Dillinger's average take during his "Midwest Crime Wave" was $27,700. In 2008 dollars, that's nearly a half million dollars ($456,000). That may explain the out-of-hand violence bank robbers used in those days -- in 1930, a bank employee had a 40% chance of being killed, wounded, beaten, tied up, or taken hostage. (source)

Today the average take from a bank heist is less than $5,000, and your chance of getting caught is higher than in almost any other crime - about 3 in 5. (source)
posted by stupidsexyFlanders at 10:01 AM on June 25, 2009 [2 favorites]


In 1930, a bank employee had a 40% chance of being killed, wounded, beaten, tied up, or taken hostage.

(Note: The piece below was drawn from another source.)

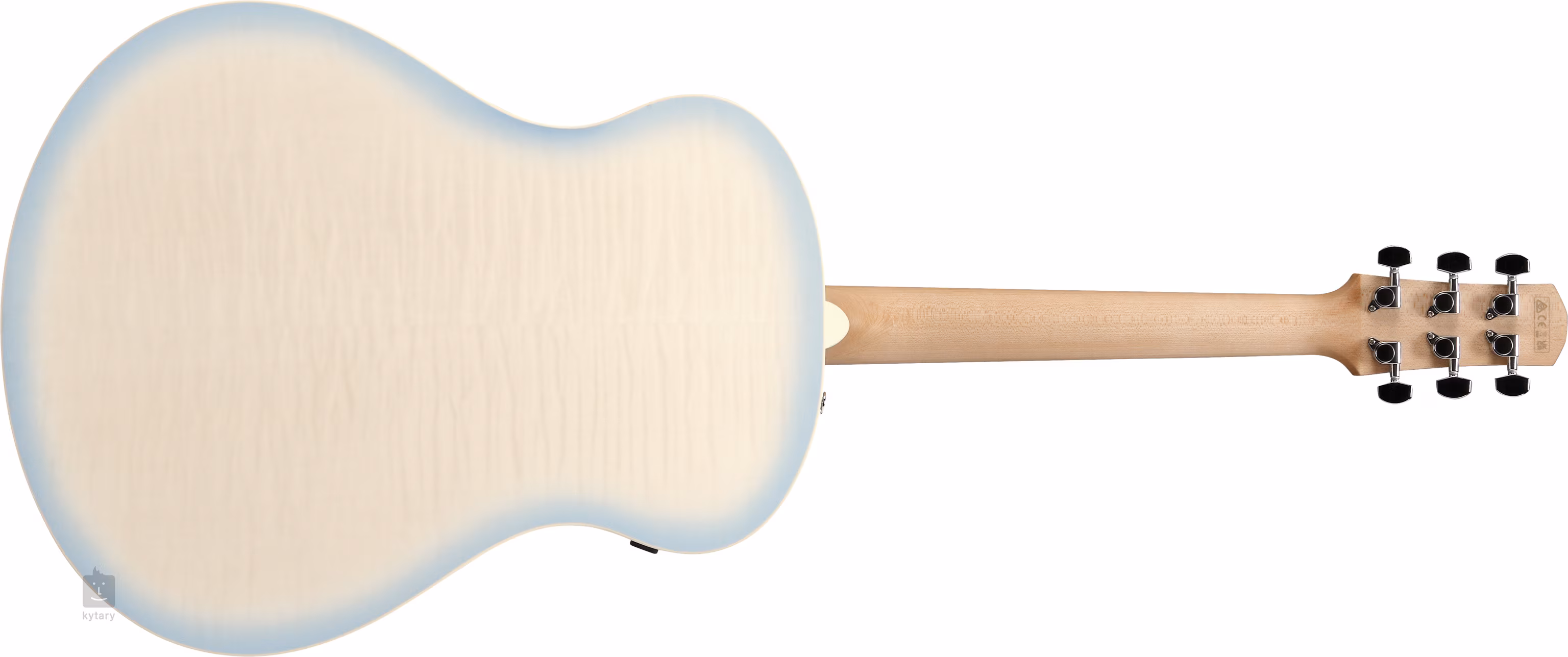 Predná doska modelu AAM370M2E Transparent Antique White Ice Blue je vyrobená z masívneho smreka Sitka, zatiaľ čo zadná doska je z laminovaného javora.

Whoops, that should read, a bank employee or customer involved in a robbery...
posted by stupidsexyFlanders at 10:03 AM on June 25, 2009


Somewhat tangentially, the Michael Mann film has a screenplay written by the Irish novelist Ronan Bennett, who was himself arrested and wrongly imprisoned during The Troubles.
posted by hydatius at 10:40 AM on June 25, 2009


I'm trying to think of the last criminal who became a celebrity. Not just notorious, but an actual celebrated celebrity. That sort of trailed off in the 40s, no? How come? Or, maybe more accurately, what about the late 19th and early 20th centuries led people to celebrate daring, though often violent criminals, and what change has occurred that makes us feel icky about it today?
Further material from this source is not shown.